How to handle genes that don't have 1:1 mappings between input_species:output_species. Options include:

  • "drop_both_species" or "dbs" or 1 :
    Drop genes that have duplicate mappings in either the input_species or output_species
    (DEFAULT).

  • "drop_input_species" or "dis" or 2 :
    Only drop genes that have duplicate mappings in the input_species.

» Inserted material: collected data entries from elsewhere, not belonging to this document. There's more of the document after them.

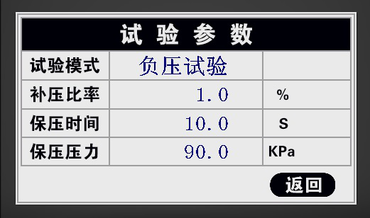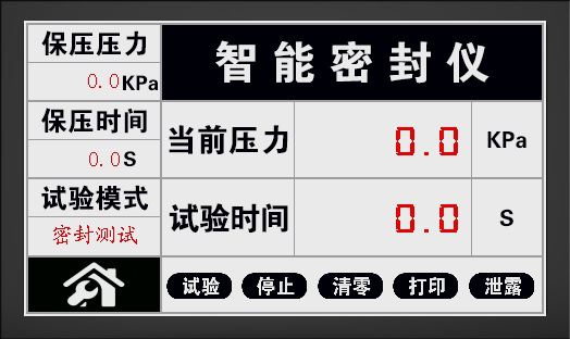 3: 進入試驗界面,界面上顯示的“當前壓力”為當前的試驗壓力;“試驗時間”為試驗過程中的保壓時間;“保壓壓力”為設(shè)置的壓力,“保壓時間”為設(shè)置的保壓時間。當真空室內(nèi)的壓力被抽到設(shè)定的保壓壓力時,開始保壓,并計保壓時間;“試驗?zāi)J?rdquo;是密封測試。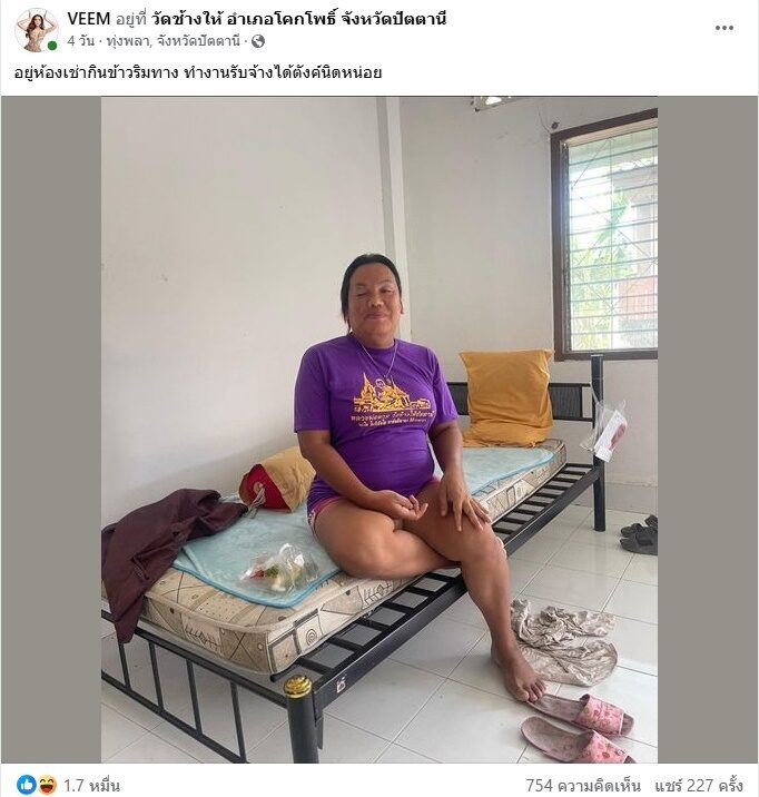 จากกรณี เพจ VEEM โพสต์ภาพ แม่หญิงลี พระมหาเทวีเจ้าแห่งเมืองทิพย์ ที่เคยโด่งดังในโลกออนไลน์ หลังจากเมืองทิพย์แตกแยกทางกับ ‘อีทิพย์’ โดยเผยภาพ แม่หญิงลี พร้อมแคปชั่นว่า “อยู่ห้องเช่ากินข้าวริมทาง ทำงานรับจ้างได้ตังค์นิดหน่อย” พร้อมระบุอยู่ที่ วัดช้างให้ อำเภอโคกโพธิ์ จังหวัดปัตตานี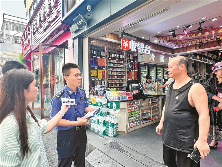 龙华新闻讯(记者 吴雪平 通讯员 宋喆/文 记者 蔡维泽/图)日前,2025年第七期《龙华“执”播》开播,本次行动聚焦辖区“六乱一超”乱象治理,观湖街道执法人员走进沿街商铺和集贸市场,依法开展“六乱一超”专项执法检查,人大代表邹永芳、政协委员陈港伦全程参与监督。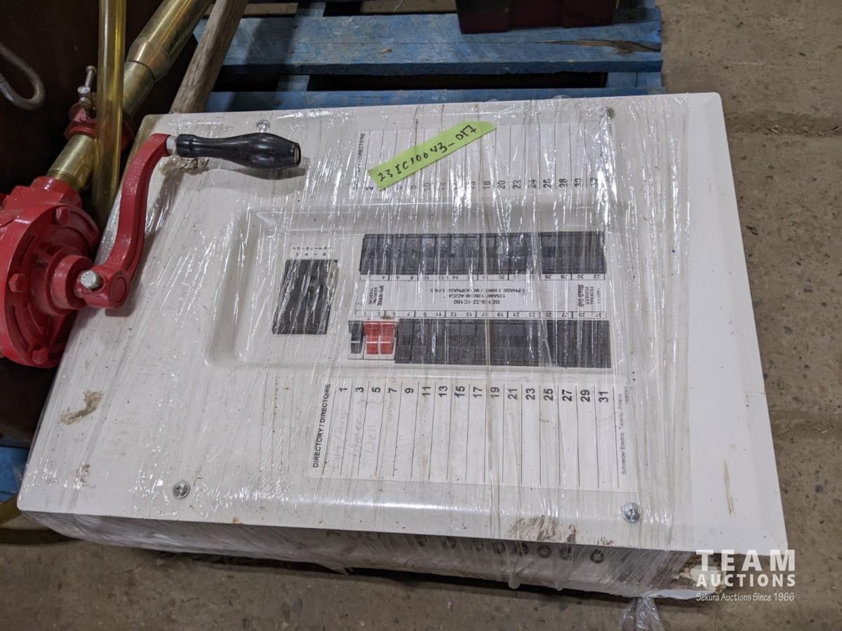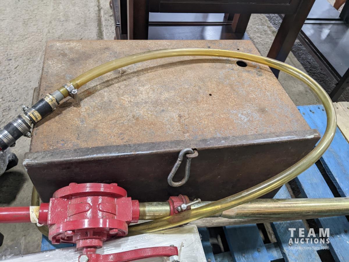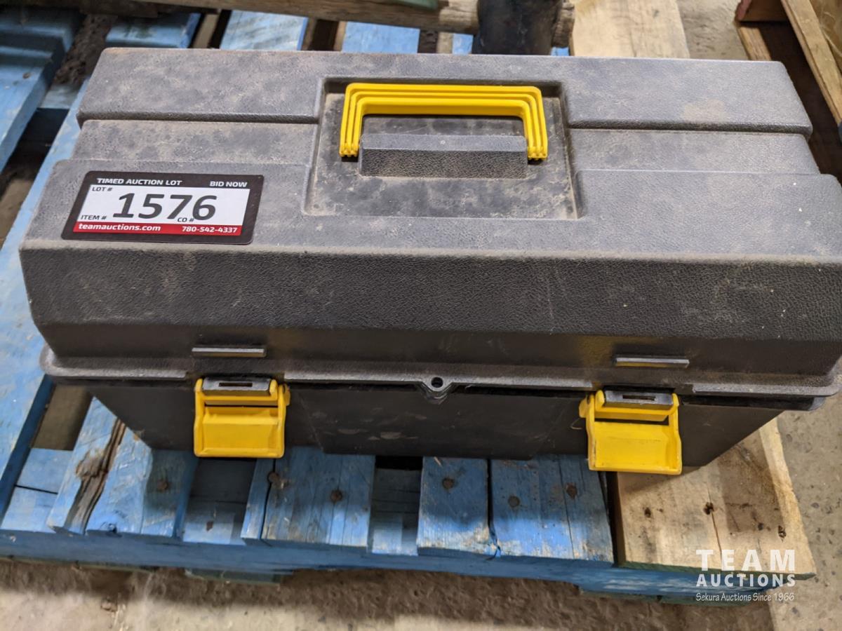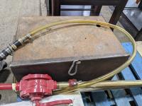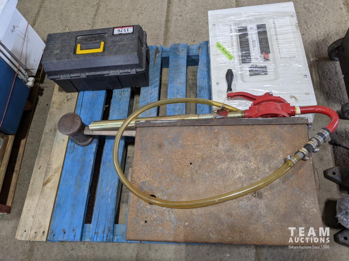 Toolbox with contents, (2) electrical panels, manual barrel pump, post maul, metal toolbox with contents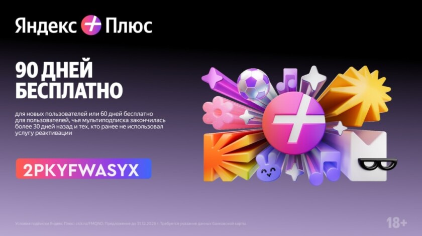 Активируйте промокод 2PKYFWASYX по ссылке https://plus90.prfl.me/sites/17t6e7 и окунитесь в мир Яндекс Плюса — где всё удобно, весело и с выгодой.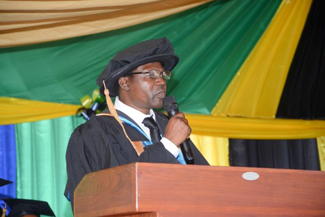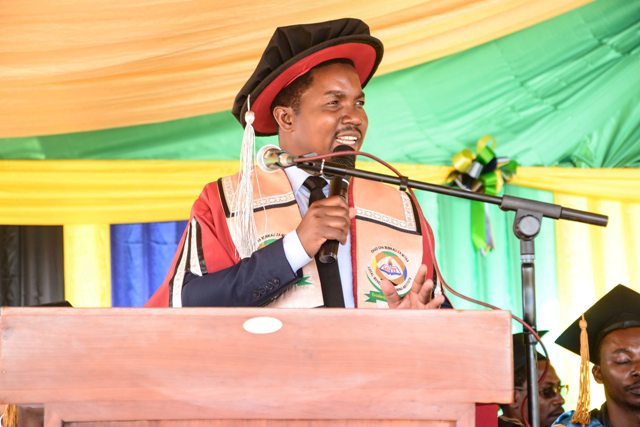Mkuu wa chuo cha Serikali za Mitaa Dkt. Mpamila Madale akiwasilisha hotuba wakati wa mahafali ya kumi na moja ya Chuo cha Serikali za Mitaa Hombolo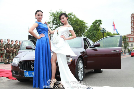 四川高校办毕业红毯秀 豪车入场堪比戛纳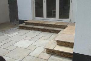 A yellow limestone patio with raised area at the rear for enjoying the evening sun.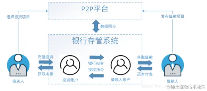 3.1 需求分析 开户是指借款用户和投资用户在注册后、交易前都需要在银行存管系统开通个人存管账户,在开户流程 中银行存管系统是一个很重要的系统,它是当前P2P平台最常见的一种模式,为了保证资金不流向P2P 平台,由银行存管系统去管理借款用户和投资用户的资金,P2P平台与银行存管系统进行接口交互为借 款用户和投资用户搭建交易的桥梁,它们之间的关系如下: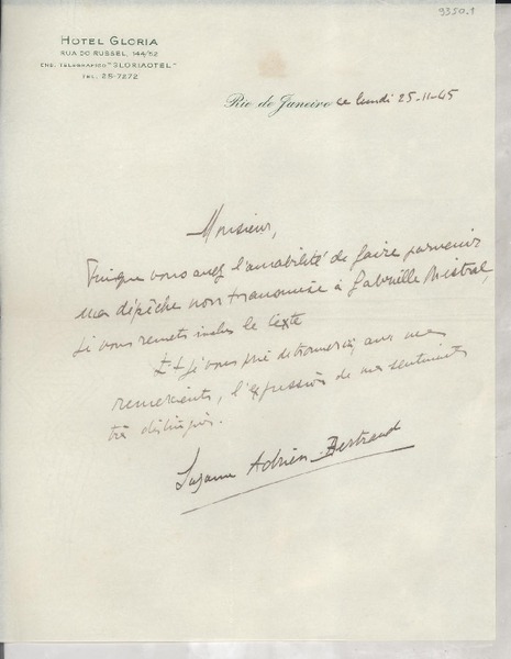 [Carta] 1945 nov. 25, Rio de Janeiro, [Brasil] [a] [Gabriela Mistral], [Brasil?] [manuscrito] Suzanne Adrien Bertrand.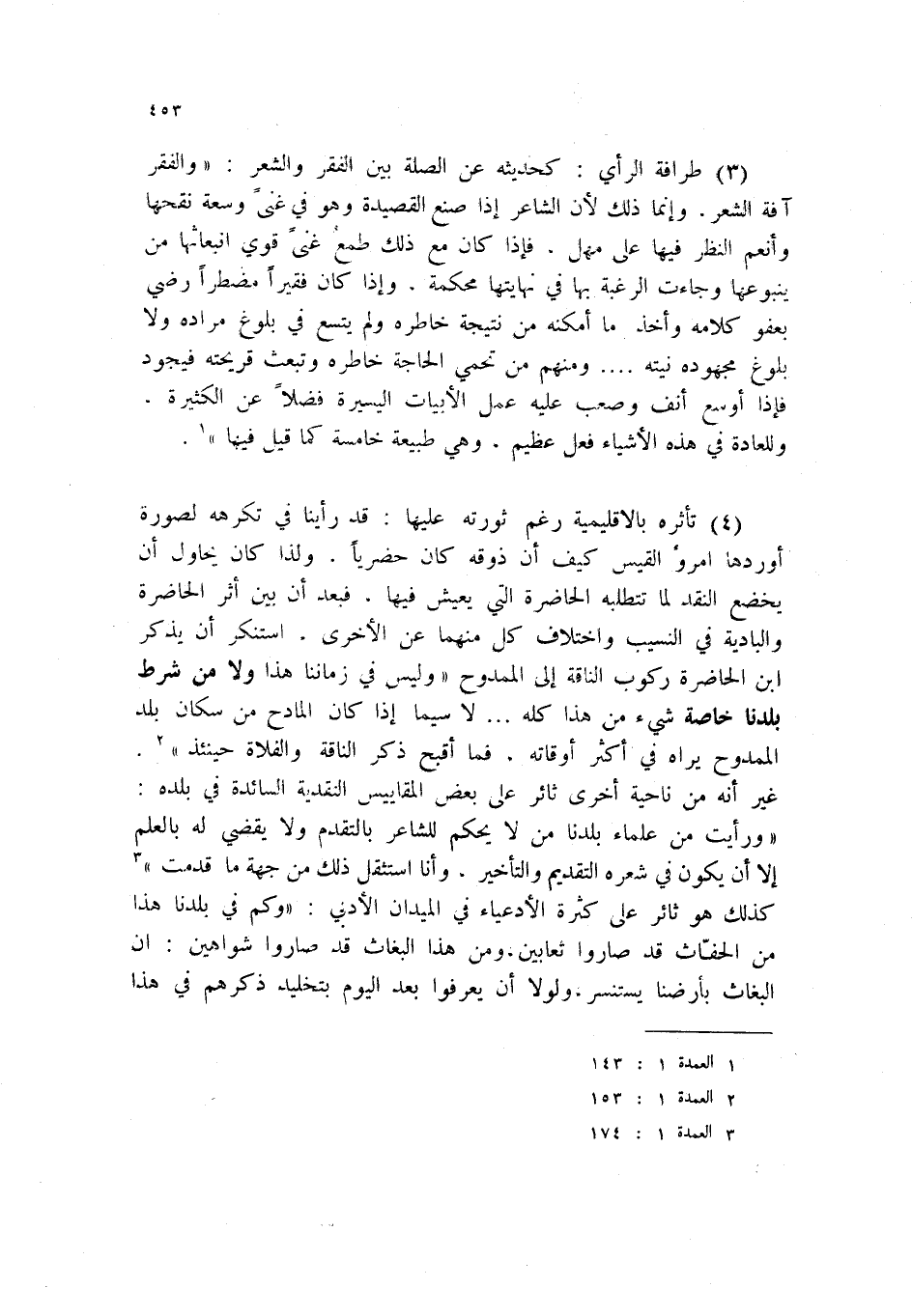 (4) تأثره بالإقليمية رغم ثورته عليها: قد رأينا في تكرهه لصورة أوردها أمرؤ القيس كيف أن ذوقه كان حضرياً. ولذا كان يحاول أن يخضع النقد لما تتطلبه الحاضرة التي يعيش فيها. فبعد أن بين اثر الحاضرة والبادية في النسيب واختلاف كل منهما عن الأخرى. استنكر أن يذكر ابن الحاضرة ركوب الناقة إلى الممدوح " وليس في زماننا هذا ولا من شرط بلدنا خاصة شيء من هذا كله؟ لا سيما إذا كان المادح من سكان بلد الممدوح يراه في أكثر أوقاته، فما أقبح ذكر الناقة والفلاة حينئذ " (2) . غير أنه من ناحية أخرى ثائر على بعض المقاييس النقدية السائدة في بلده: " ورأيت من علماء بلدنا من لا يحكم للشاعر بالتقدم ولا يقضي له بالعلم إلا أن يكون في شعره التقديم والتأخير. وأنا استثقل ذلك من جهة ما قدمت " (3) كذلك هو ثائر على كثرة الأدعياء في الميدان الأدبي: (وكم في بلدنا هذا من الخفاث قد صاروا ثعابين. ومن هذا البغاث قد صاروا شواهين: أن البغاث بأرضنا يستنسر، ولولا أن يعرفوا بعد اليوم بتخليد ذكرهم في هذا

  • "drop_output_species" or "dos" or 3 :
    Only drop genes that have duplicate mappings in the output_species.

  • "keep_both_species" or "kbs" or 4 :
    Keep all genes regardless of whether they have duplicate mappings in either species.

  • "keep_popular" or "kp" or 5 :
    Return only the most "popular" interspecies ortholog mappings. This procedure tends to yield a greater number of returned genes but at the cost of many of them not being true biological 1:1 orthologs.

  • "sum","mean","median","min" or "max" :
    When gene_df is a matrix and gene_output="rownames", these options will aggregate many-to-one gene mappings (input_species-to-output_species) after dropping any duplicate genes in the output_species.

round_digits

Number of digits to round to when printing percentages.

return_report

Return just the ortholog mapping between two species (FALSE) or return both the ortholog mapping as well a data.frame of the report statistics (TRUE).

mc.cores

Number of cores to parallelise each target_species with.

verbose

Print messages.

...

Additional arguments to be passed to gorth or homologene.

NOTE: To return only the most "popular" interspecies ortholog mappings, supply mthreshold=1 here AND set method="gprofiler" above. This procedure tends to yield a greater number of returned genes but at the cost of many of them not being true biological 1:1 orthologs.

For more details, please see here.

Value

A list containing:

  • map : A table of inter-species gene mappings.

  • report : A list of aggregate orthology report statistics.

If >1 target_species are provided, then a table of aggregated report statistics concatenated across species will be returned instead.

Examples

orth_fly <- orthogene::report_orthologs(
    target_species = "fly",
    reference_species = "human"
)
#> Retrieving all genes using: homologene.
#> Retrieving all organisms available in homologene.
#> Mapping species name: fly
#> Common name mapping found for fly
#> 1 organism identified from search: 7227
#> Gene table with 8,438 rows retrieved.
#> Returning all 8,438 genes from fly.
#> --
#> Retrieving all genes using: homologene.
#> Retrieving all organisms available in homologene.
#> Mapping species name: human
#> Common name mapping found for human
#> 1 organism identified from search: 9606
#> Gene table with 19,129 rows retrieved.
#> Returning all 19,129 genes from human.
#> --
#> Preparing gene_df.
#> data.frame format detected.
#> Extracting genes from Gene.Symbol.
#> 8,438 genes extracted.
#> Converting fly ==> human orthologs using: homologene
#> Retrieving all organisms available in homologene.
#> Mapping species name: fly
#> Common name mapping found for fly
#> 1 organism identified from search: 7227
#> Retrieving all organisms available in homologene.
#> Mapping species name: human
#> Common name mapping found for human
#> 1 organism identified from search: 9606
#> Checking for genes without orthologs in human.
#> Extracting genes from input_gene.
#> 4,500 genes extracted.
#> Dropping 1 NAs of all kinds from input_gene.
#> Extracting genes from ortholog_gene.
#> 4,499 genes extracted.
#> Checking for genes without 1:1 orthologs.
#> Dropping 19 genes that have multiple input_gene per ortholog_gene (many:1).
#> Dropping 266 genes that have multiple ortholog_gene per input_gene (1:many).
#> Filtering gene_df with gene_map
#> Adding input_gene col to gene_df.
#> Adding ortholog_gene col to gene_df.
#> 
#> =========== REPORT SUMMARY ===========
#> Total genes dropped after convert_orthologs :
#>    4,380 / 8,438 (52%)
#> Total genes remaining after convert_orthologs :
#>    4,058 / 8,438 (48%)
#> --
#> 
#> =========== REPORT SUMMARY ===========
#> 4,058 / 8,438 (48.09%) target_species genes remain after ortholog conversion.
#> 4,058 / 19,129 (21.21%) reference_species genes remain after ortholog conversion.